I also need to find out if it's better to do the calculation in the MySQL that fetches the data or if there should be a PHP/cron method every hour or so. 我还需要了解在MySQL中进行计算以获取数据是否更好,或者每小时应该有一个PHP / cron方法。

I only need 20 illustrations to populate the home page. 我只需要20个插图来填充主页。 I don't need any sort of paging for this data. 我不需要对这些数据进行任何分页。

How do I weight age against votes? 我如何衡量年龄反对选票? Surely a site with less submission needs less weight on date added? 当然,提交较少的网站需要减少日期权重吗?

Many sites that use some type of popularity ranking do so by using a standard algorithm to determine a score and then decaying eternally over time. 许多使用某种类型的流行度排名的网站通过使用标准算法来确定分数然后随着时间的推移而永久衰减。 What I've found works better for sites with less traffic is a multiplier that gives a bonus to new content/activity - it's essentially the same, but the score stops changing after a period of time of your choosing. 我发现对于流量较少的网站来说效果更好的是乘数,可以为新内容/活动提供奖励 - 它基本上是相同的,但是在您选择的一段时间后,分数会停止变化。

For instance, here's a pseudo-example of something you might want to try. 例如,这是您可能想要尝试的一个伪示例。 Of course, you'll want to adjust how much weight you're attributing to each category based on your own experience with your site. 当然,您需要根据自己对网站的体验来调整每个类别的权重。 Comments are rare, but take more effort from the user than a favorite/vote, so they probably should receive more weight. 评论很少见,但是用户需要付出更多努力而不是喜欢/投票,因此他们可能会获得更多的重量。

score = (votes / 10) + comments  
age = UNIX_TIMESTAMP() - UNIX_TIMESTAMP(date_created)

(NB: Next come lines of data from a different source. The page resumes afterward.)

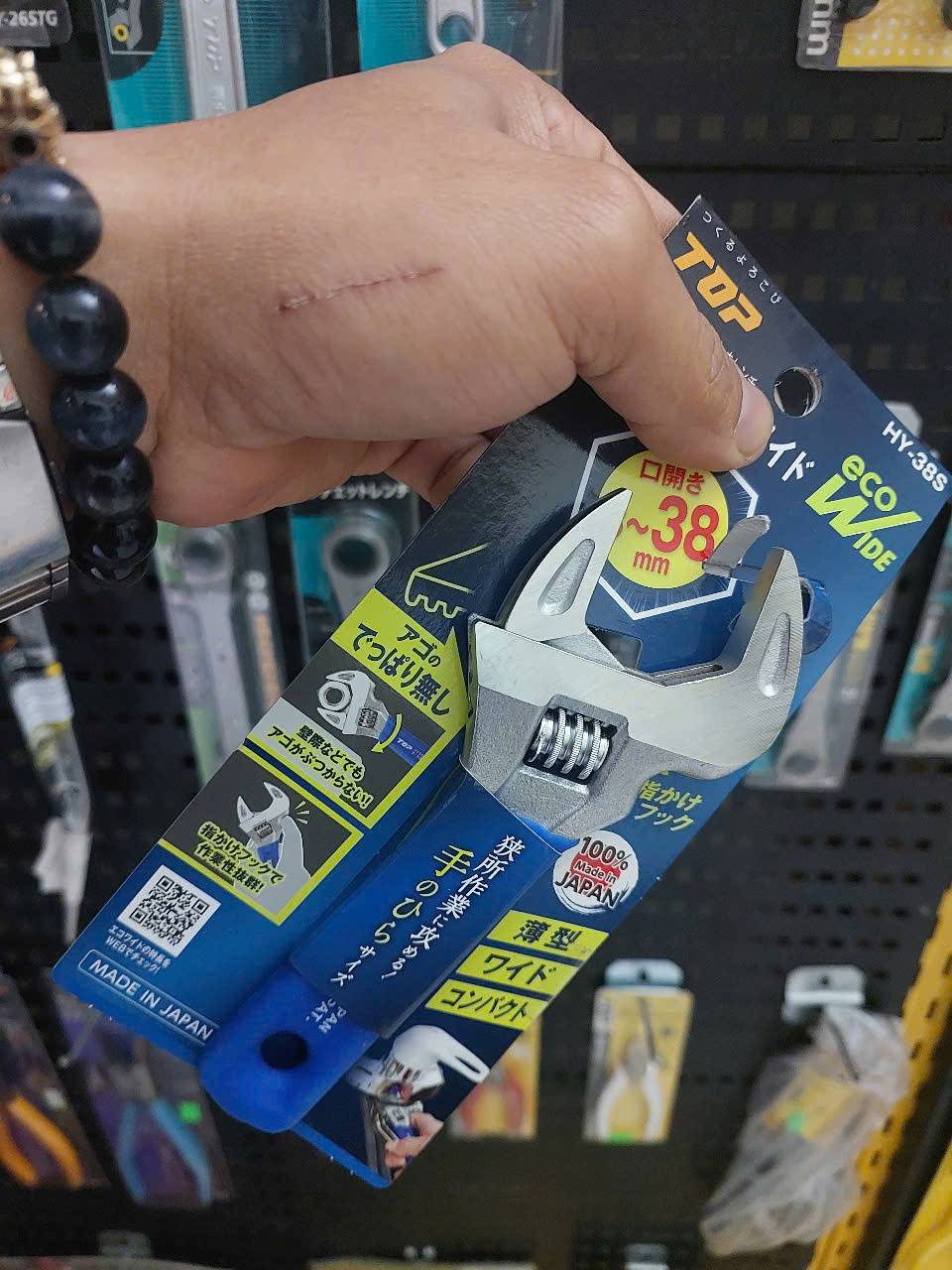 Mỏ lết mini miệng rộng Top Kogyo HY-38S là một dụng cụ nhỏ gọn, sản xuất tại Nhật Bản, nổi bật với khả năng mở rộng hàm lớn so với kích thước thân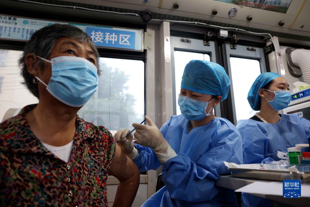 8月27日,在合肥市瑶海区大兴镇东岗社区裕和兴苑小区,医务人员在流动疫苗接种服务车上为居民接种新冠疫苗。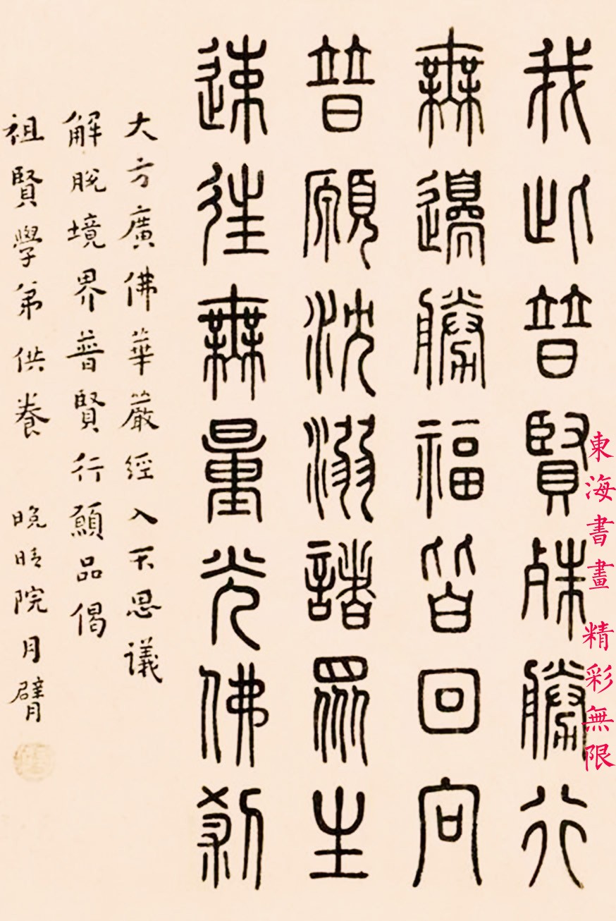 题识:愿我临欲命终时,尽除一切诸障碍。...........普愿沉溺诸众生,速往无量光佛刹。大方广佛华严经入不思议解脱境界普贤行愿品偈,祖贤学弟供养,晚晴院月臂。

if(age < 86400) score = score * 1.5

This type of approach would give a bonus to new content uploaded in the past day. 这种方法可以为过去一天上传的新内容带来奖励。 If you wanted to approach this in a similar way only for content that had been favorited or commented on recently, you could just add some WHERE constraints on your query that grabs the score out from the DB. 如果您想以类似的方式仅对最近被收藏或评论过的内容进行处理,您可以在查询中添加一些WHERE约束,从数据库中获取分数。

There are actually two big reasons NOT to calculate this ranking on the fly. 实际上有两个很大的原因不能动态计算这个排名。

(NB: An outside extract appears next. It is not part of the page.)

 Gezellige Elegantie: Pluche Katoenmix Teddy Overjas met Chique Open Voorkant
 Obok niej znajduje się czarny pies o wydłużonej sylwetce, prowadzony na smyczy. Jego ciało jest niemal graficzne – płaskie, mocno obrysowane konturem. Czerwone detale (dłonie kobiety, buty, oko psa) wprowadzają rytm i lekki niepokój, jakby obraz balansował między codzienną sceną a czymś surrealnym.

  1. Requiring your DB to fetch all of that data and do a calculation on every page load just to reorder items results in an expensive query. 要求您的数据库获取所有数据并对每个页面加载进行计算只是为了重新排序项目会导致昂贵的查询。
  2. Probably a smaller gotcha, but if you have a relatively small amount of activity on the site, small changes in the ranking can cause content to move pretty drastically. 可能是一个较小的问题,但如果你在网站上的活动量相对较小,排名的微小变化可能会导致内容大幅度移动。

That leaves you with either caching the results periodically or setting up a cron job to update a new database column holding this score you're ranking by. 这使得您可以定期缓存结果,也可以设置一个cron作业来更新一个新的数据库列,其中包含您正在排名的分数。

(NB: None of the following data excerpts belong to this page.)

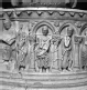 [Lucca : chiesa di San Frediano : interno : fonte battesimale : particolare della decorazione scultorea della vasca, con raffigurazione di Mosè che affida ad Aronne le tavole delle Legge, e di personaggi simbolici (UDR 4317)]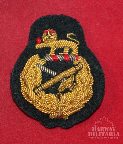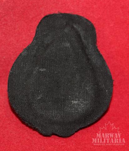 Post 1953 issue. A nice age toned gold wire. Lion holding maple leaf. Padded. 5cm tall by 4cm wide. Paper residue on the back.
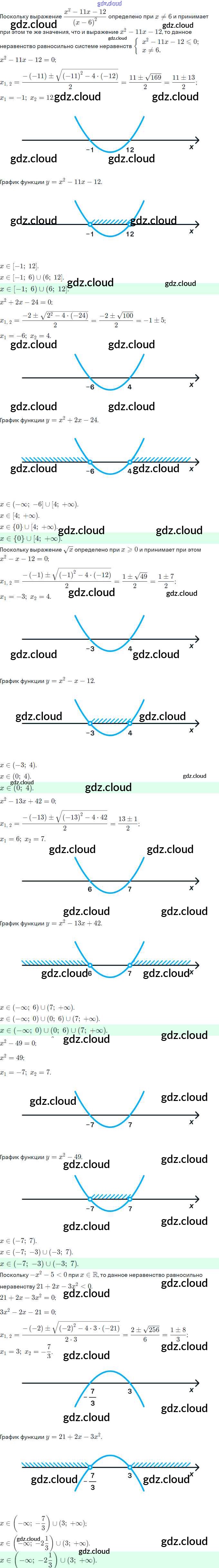 Ответы. §12. Решение квадратных неравенств по Алгебре 9 класс Рабочая тетрадь Мерзляк Часть 1, 2 Вентана-граф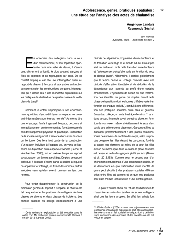 Angélique Landais, Raymonde Séchet. Adolescence, genre, pratiques sociales: une étude par l'analyse des actes de chalandise. ESO Travaux et Documents, Espaces et SOciétés - UMR 6590, 2013, pp.19-28. ⟨halshs-01341011⟩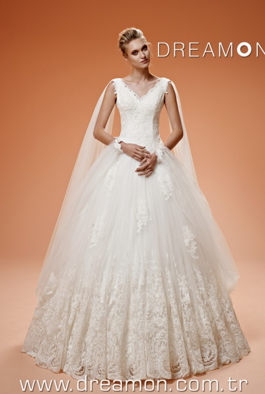 Fascinating design of bridal gown will live up to your dreamiest expectations. Consisting of v-neck, illusion sleeves and hand-crafted lace, is both stylish and very flashy.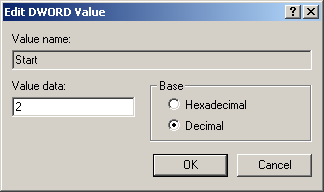 Should you find that you inadvertently Disable a Service that is required to load Windows 2000, or for it to function correctly do the following (Assuming that the Services Utility will not load, which can occur when some Services are set to Disable. Click on Start, Run, type in regedit & hit Enter. Open the following registry key, [HKEY_LOCAL_MACHINE\SYSTEM\CurrentControlSet\Services]. This is where the Startup type for every Service is also stored. Select the appropriate Service (If unsure check the DisplayName value in the Right hand pane) from this subfolder. In the Right hand pane there will be a DWORD value entitled Start. The value (Decimal or Hexadecimal) for this entry determines the Services Startup type, as in the previous section. To change the value Right click on the entry & select Modify. Valid values are as follows;

Obviously there is some subjectivity in this - there's no one "correct" algorithm for determining the proper balance - but I'd start out with something like votes per unit age. 显然这有一些主观性 - 没有一个“正确”的算法来确定适当的平衡 - 但我会从像单位年龄的投票开始。 MySQL can do basic math so you can ask it to sort by the quotient of votes over time; MySQL可以做基本的数学运算,所以你可以要求它按照投票的商数进行排序; however, for performance reasons, it might be a good idea to cache the result of the query. 但是,出于性能原因,缓存查询结果可能是个好主意。 Maybe something like 也许是这样的

SELECT images.url FROM images ORDER BY (NOW() - images.date) / COUNT((SELECT COUNT(*) FROM votes WHERE votes.image_id = images.id)) DESC LIMIT 20

but my SQL is rusty ;-) 但我的SQL生锈了;-)

Taking a simple average will, of course, bias in favor of new images showing up on the front page. 当然,采用简单的平均值会偏向于首页上显示的新图像。 If you want to remove that bias, you could, say, count only those votes that occurred within a certain time limit after the image being posted. 如果你想删除这种偏见,你可以说,只计算在发布图像后在一定时限内发生的那些投票。 For images that are more recent than that time limit, you'd have to normalize by multiplying the number of votes by the time limit then dividing by the age of the image. 对于比该时间限制更新的图像,您必须通过将投票数乘以时间限然后除以图像的年龄来进行标准化。 Or alternatively, you could give the votes a continuously varying weight, something like exp(-time(vote) + time(image)) . 或者,您可以给予投票不断变化的权重,例如exp(-time(vote) + time(image)) And so on and so on... depending on how particular you are about what this algorithm will do, it could take some experimentation to figure out what formula gives the best results. 依此类推......根据你对该算法的具体要求,可能需要进行一些实验来确定哪种公式可以得到最好的结果。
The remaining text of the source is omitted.